Epilepsy is common in idic(15) with a high prevalence of infantile spasms and is typically refractory to medication.  Although the epilepsy phenotype in idic(15) appears to be most consistent with a LGS-type of epilepsy and responds best to broad spectrum AED, the seizures also respond well to CBZ, which typically exacerbates LGS, suggesting that these epilepsies may be more multifocal than generalized.  These seizures did not respond well to typical benzodiazepines, with lower response rates and relatively higher rates of seizure exacerbation, although CLB, an atypical benzodiazepene, was relatively effective and had no reported seizure exacerbations.  This study suggests that GABAergic medications, such as typical benzodiazepenes and vigabitran, may have a relative lack of efficacy in dup15q syndrome.
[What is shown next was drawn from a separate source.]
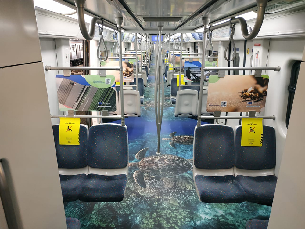 Ενδιαφέρουσα έκπληξη για το επιβατικό κοινό του Μετρό της Αθήνας. Οι πολίτες οι οποίοι χρησιμοποίησαν το μετρό από τις αρχές της εβδομάδας ανακαλύψαν ένα νέο και μαγευτικό κόσμο γεμάτο χρώματα και εικόνες της φύσης. Η Αντιπροσωπία της Ευρωπαϊκής Επιτροπής στην Ελλάδα, διαμόρφωσε ένα φιλικό περιβάλλον ενημέρωσης των πολιτών για την Ευρωπαϊκή Πράσινη Συμφωνία στους συρμούς και στις αποβάθρες του σταθμού «Σύνταγμα» στο Μετρό της Αθήνας.

It is possible this is due to abnormal GABAergic transmission resulting from the duplication of a cluster of GABA beta3 receptor genes in the 15q11.2-13 region.  Seizures in those with int dup(15) are less common, likely due to one duplicated copy as opposed to 2 copies in idic(15), with a frequency similar to the general autism spectrum population.  Although this is the largest study to date assessing epilepsy in this population, the results may be susceptible to bias since it was a questionnaire-based study.  Larger studies, ideally prospective studies, would be necessary to make definitive determinations regarding the treatment of seizures in this population.